### Data extracts

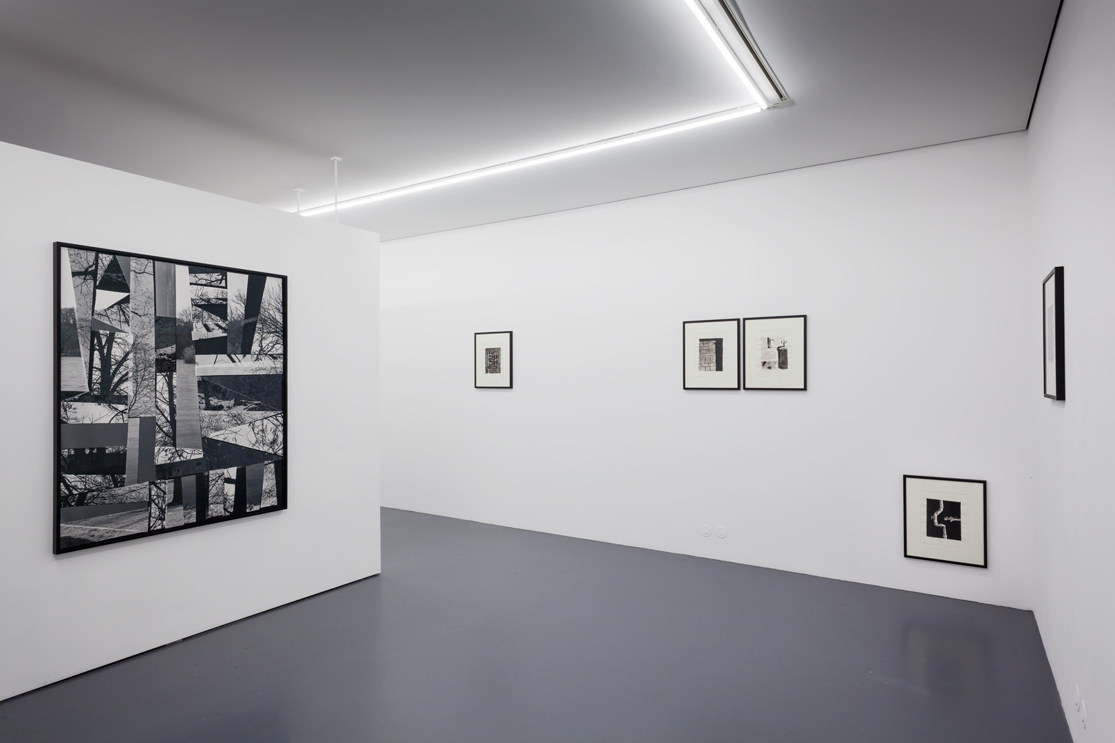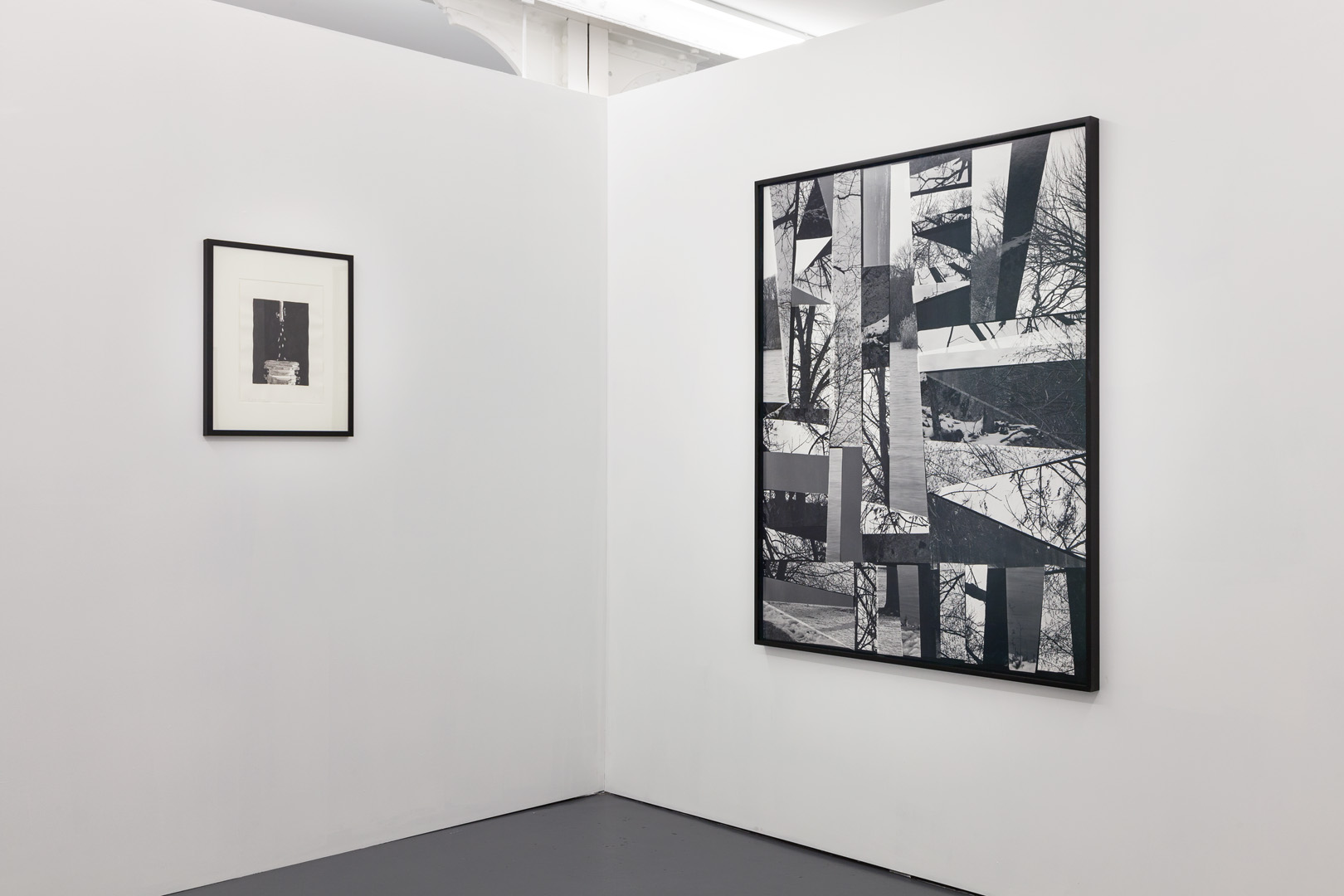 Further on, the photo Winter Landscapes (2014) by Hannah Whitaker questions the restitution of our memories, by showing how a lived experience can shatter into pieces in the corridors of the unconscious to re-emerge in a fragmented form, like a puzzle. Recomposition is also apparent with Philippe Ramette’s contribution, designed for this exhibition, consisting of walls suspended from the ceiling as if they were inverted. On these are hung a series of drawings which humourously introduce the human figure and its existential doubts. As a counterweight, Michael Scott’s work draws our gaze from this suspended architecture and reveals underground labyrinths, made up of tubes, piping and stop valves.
==
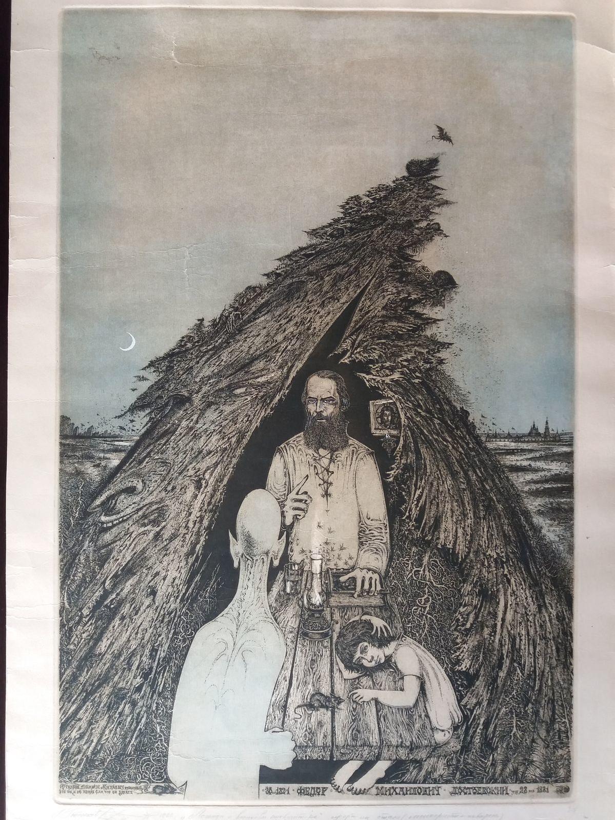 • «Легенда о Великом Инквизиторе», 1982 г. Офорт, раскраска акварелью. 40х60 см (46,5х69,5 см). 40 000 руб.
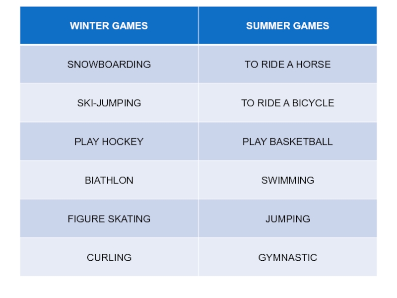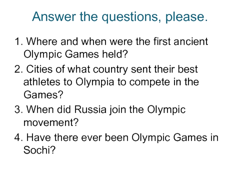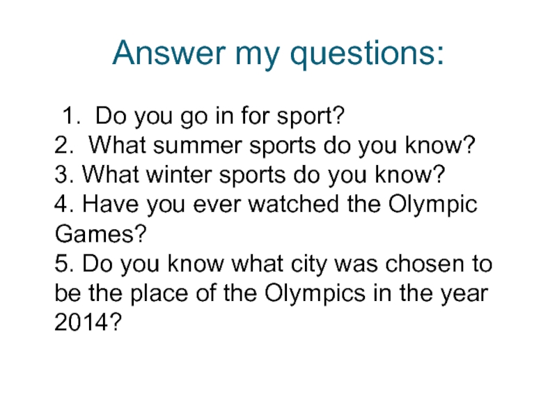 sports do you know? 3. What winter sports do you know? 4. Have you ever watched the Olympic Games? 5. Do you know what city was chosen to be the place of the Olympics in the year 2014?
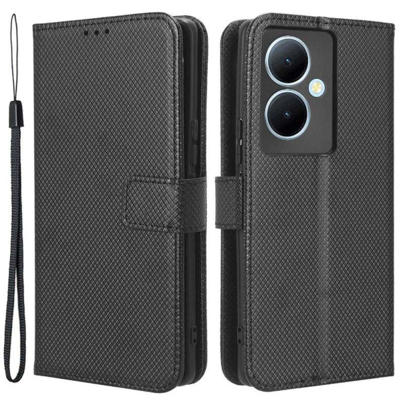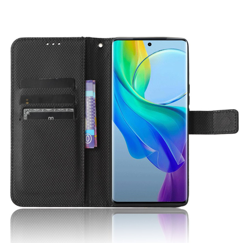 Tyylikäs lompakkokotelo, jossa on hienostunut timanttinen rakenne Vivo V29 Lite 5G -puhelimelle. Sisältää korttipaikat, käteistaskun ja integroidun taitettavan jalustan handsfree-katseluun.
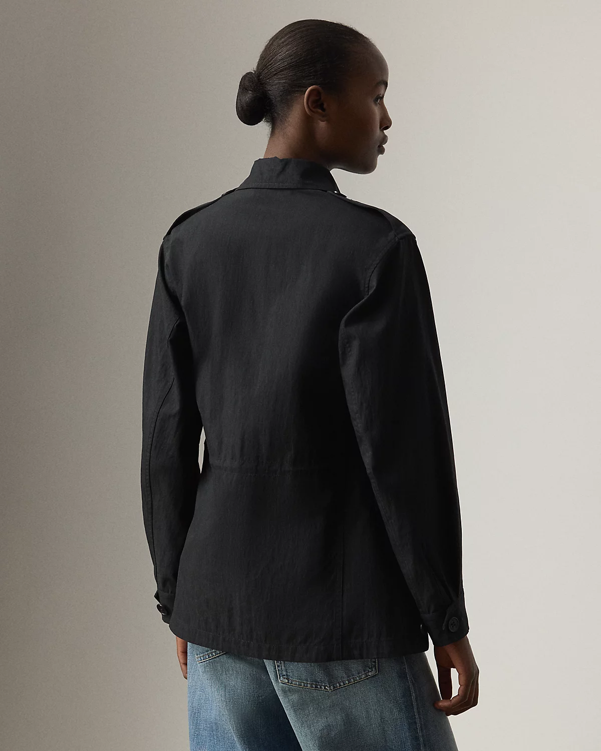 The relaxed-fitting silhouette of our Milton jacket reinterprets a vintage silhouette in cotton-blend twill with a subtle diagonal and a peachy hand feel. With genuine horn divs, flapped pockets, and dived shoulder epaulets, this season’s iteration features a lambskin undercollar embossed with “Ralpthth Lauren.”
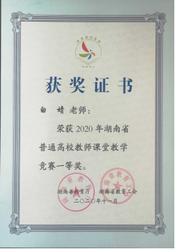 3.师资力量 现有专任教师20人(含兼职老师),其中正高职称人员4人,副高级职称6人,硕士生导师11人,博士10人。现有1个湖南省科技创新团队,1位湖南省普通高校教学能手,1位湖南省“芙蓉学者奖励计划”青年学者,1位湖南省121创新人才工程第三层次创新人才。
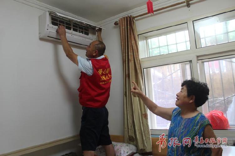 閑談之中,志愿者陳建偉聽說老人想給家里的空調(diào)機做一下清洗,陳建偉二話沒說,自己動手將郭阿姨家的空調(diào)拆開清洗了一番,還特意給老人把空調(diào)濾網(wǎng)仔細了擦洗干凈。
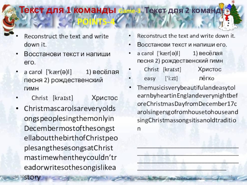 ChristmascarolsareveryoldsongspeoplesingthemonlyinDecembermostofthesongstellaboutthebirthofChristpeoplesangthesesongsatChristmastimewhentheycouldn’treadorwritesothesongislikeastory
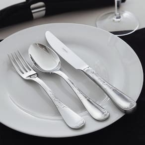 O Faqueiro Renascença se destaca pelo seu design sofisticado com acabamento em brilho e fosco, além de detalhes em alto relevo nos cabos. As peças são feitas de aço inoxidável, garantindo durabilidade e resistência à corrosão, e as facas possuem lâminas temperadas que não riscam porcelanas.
--
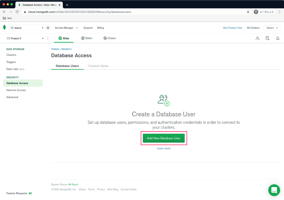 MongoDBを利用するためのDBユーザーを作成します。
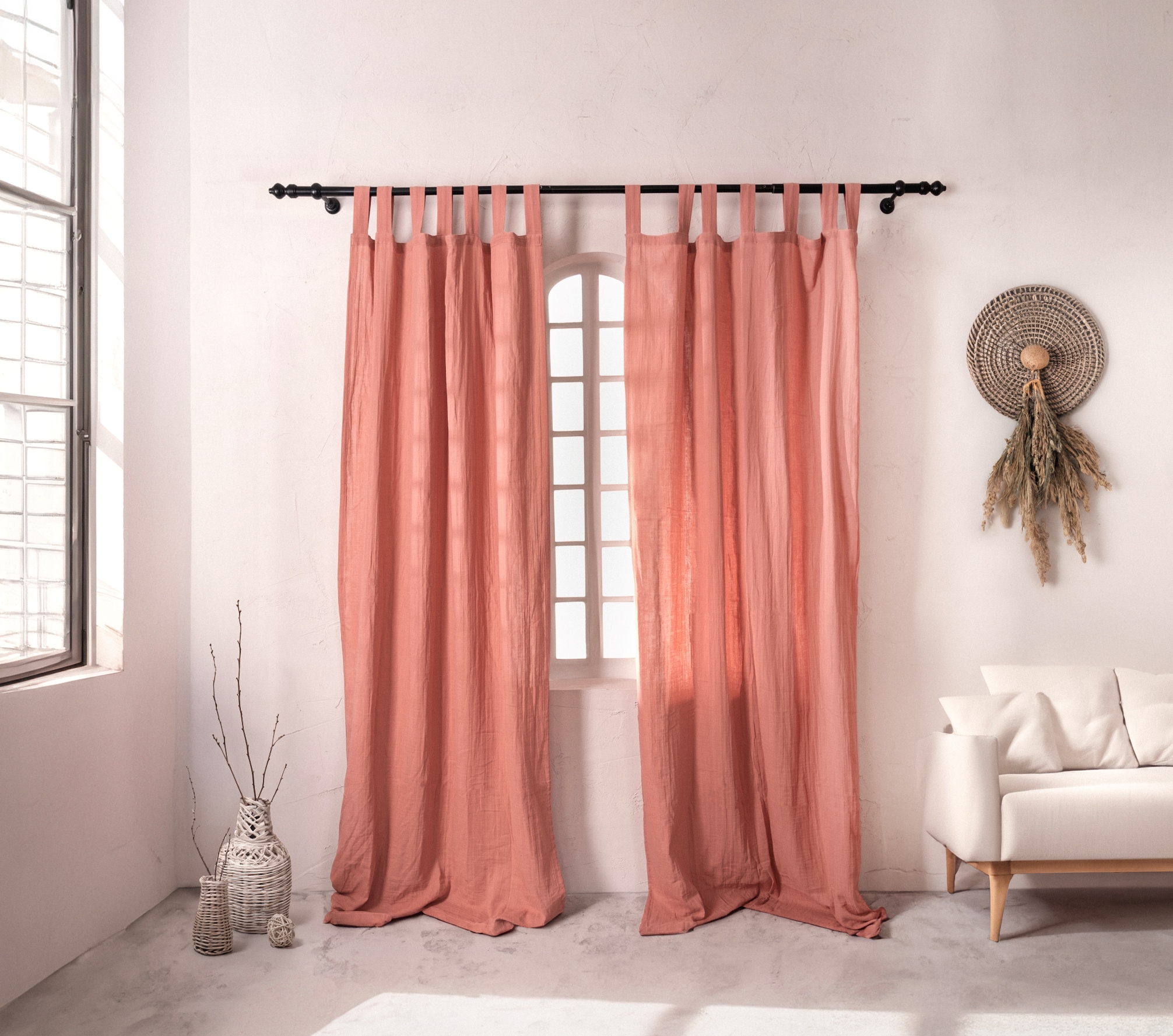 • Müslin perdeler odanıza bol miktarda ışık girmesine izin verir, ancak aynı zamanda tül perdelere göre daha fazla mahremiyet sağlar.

### To do
Would you write out exactly the lines above, starting at the line containing "40 000 руб." and stopping after the line containing "The relaxed-fitting silhouette"? Omit the pictures.

### Answer space
 • «Легенда о Великом Инквизиторе», 1982 г. Офорт, раскраска акварелью. 40х60 см (46,5х69,5 см). 40 000 руб.
 sports do you know? 3. What winter sports do you know? 4. Have you ever watched the Olympic Games? 5. Do you know what city was chosen to be the place of the Olympics in the year 2014?
 Tyylikäs lompakkokotelo, jossa on hienostunut timanttinen rakenne Vivo V29 Lite 5G -puhelimelle. Sisältää korttipaikat, käteistaskun ja integroidun taitettavan jalustan handsfree-katseluun.
 The relaxed-fitting silhouette of our Milton jacket reinterprets a vintage silhouette in cotton-blend twill with a subtle diagonal and a peachy hand feel. With genuine horn divs, flapped pockets, and dived shoulder epaulets, this season’s iteration features a lambskin undercollar embossed with “Ralpthth Lauren.”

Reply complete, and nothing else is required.